Let's take a fictitious example of what might happen when someone in
Nome, Alaska, say at Nome Community College (this would be a
polytechnic in the UK), wants to read Cranfield's
Prospectus. The user would somehow select the URL with his/her
browser, which would then try the following.
- Browser Cache
- The particular instance of the browser will look in its
own memory (or what it may have saved on the its local disk).
If it finds the page corresponding to the sought for URL there
it will not go any further, and our site will never know
that the request was made.
- Local site cache
- If the page was not in the browser cache, the browser may look
to its site cache. That is, if someone at the user's same site
recently retrieved the page, it may be available to the user there.
If it finds the page corresponding to the sought for URL there
it will not go any further, and our site will never know
that the request was made.
- Local regional cache
- The site cache may be configured to look in a local regional
cache, say at the University of Alaska, Nome campus which
might provide a caching service for smaller sites around
Nome.
If it finds the page corresponding to the sought for URL there
it will not go any further, and our site will never know
that the request was made.
- Large regional cache
- The local regional cache may be configured to look
in a large regional cache, say in Fairbanks Alaska, which
might provide caching for sites in Alaska that use it.
If it finds the page corresponding to the sought for URL there
it will not go any further, and our site will never know
that the request was made.
- The Cranfield accelerator
- An accelerator is an out-going cache for a site.
When a document is requested from the site, the accelerator
sees whether it has it stored (it stores them in ways much
faster to find and retrieve then the server does with files
in the directory structure) and serves that up.
While it would be possible to have the accelerator keep a
record of which files it served up and to whom,
this would defeat the
purpose, because it would require a disk operation to make
that record.
In addition to over-estimating the degree of caching that
would be in place, this last step about accelerators is
also no longer relevant. The accelerator was needed when
Cranfield was running the original CERN server over an AFS
filesystem. Given the nature of modern web server set-ups,
accelerators are no longer needed.
Now that you have an idea of what caching is, you are in a better
position to understand why it is impossible to make any inference
about numbers of people reading your pages from web statistics. But
there is more to come described in the section on
multiple hits per users. What is necessary to understand about
caching is that some users may go through a long and efficient cache
chain (as described in the example) and other users may not. Much of
this depends on how their site is set up or how they set things up
themselves.
Imagine (in the extreme case) a user who is doing no caching
whatsoever. Now if that user comes across the Cranfield Home Page 20 times
while browsing around the Cranfield pages that will count as 20 hits.
Remember the statistics are about accesses, not about people.

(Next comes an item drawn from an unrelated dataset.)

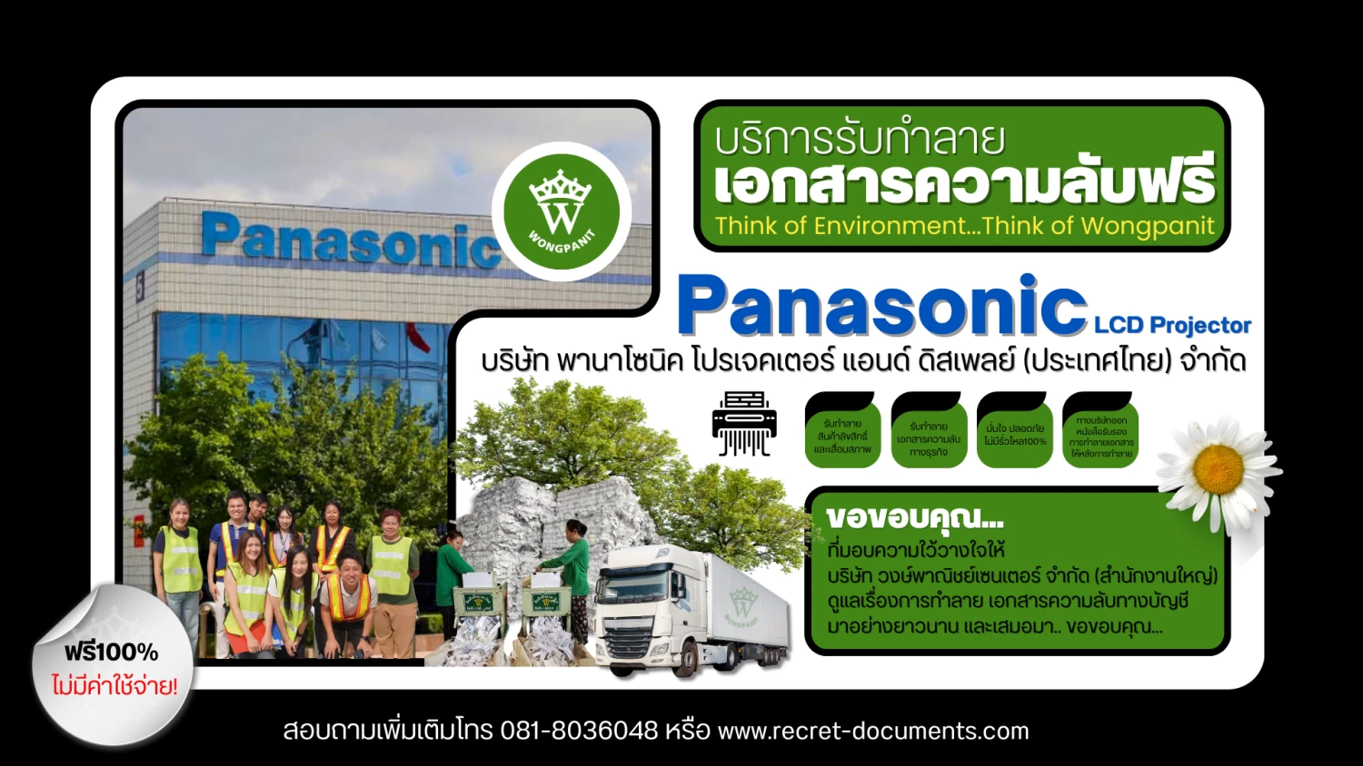 ☢️ บริการรับทำลายเอกสารความลับ และ สินค้าลิขสิทธิ์และสินค้าเสื่อมสภาพ ฟรี!♻️ บริษัท วงษ์พาณิชย์ เซนเตอร์ จำกัด เป็นผู้ดำเนินการรับทำลายเอกสารความลับ ให้กับ...บริษัท พานาโซนิค โปรเจคเตอร์ แอนด์ ดิสเพลย์ (ประเทศไทย) จำกัด ประจำปี 2569 🙏🏻ขอขอบคุณ ที่มอบความใว้วางใจให้ บริษัท วงษ์พาณิชย์เซนเตอร์ จำกัด (สำนักงานใหญ่) ดูแลเรื่องการทำลายสินค้าลิขสิทธิ์และเสื่อมสภาพ มาอย่างยาวนาน และเสมอมา..

When comparing hits for different directories, it is
important to note how documents are structured. If you have a
directory with a single document on one hand, and on the other you
have another directory with the same amount of real content broken in
to twenty smaller documents, you will find far more hits into that
second section.
Most of everything listed here is either mentioned above or can
be inferred from the explanations above.
If there is a question
that you would like to see added to this list, or if you have
other comments on this document, please use the form
at the end to submit queries. [Sorry, that form is now defunct.]
A quick list of the questions is provided here.
Not really. The number of individuals and sites using caches is
rising all the time, as is the amount of disk space and memory used
for caching. When the Cranfield Accelerator goes live (early
November, 1995), there should be an actual drop in our server stats,
while an increase in accesses, due to increased speed and reliability
of the server. Caching has been on the rise for more than a year now.
Even so, loads on systems (including ours) have gone up dramatically.
Unfortunately not even this is possible. Suppose for example that Japan has
a very high level of regional and national caching while Singapore
does not (the example is fictitious). Under these circumstances, web
statistics might show more accesses from Singapore than from Japan even
if more people in Japan read our pages.
A clear example of this is the number of accesses from "numerical
domains" that have recently started to top various lists. These are
accesses from sites that don't have proper reverse DNS listings. Such
sites are probably misconfigured single user machines, where either
the particular machine that is used in misconfigured or the
organisation they belong to has not straightened out its machine names
properly. It is reasonable to assume that those running such
misconfigured systems are far more likely to not have configured their
proxies correctly, so far less caching will be seen from those sites.
Not really. The more popular pages will cache more, meaning that
real differences between page hits will be dramatically distorted.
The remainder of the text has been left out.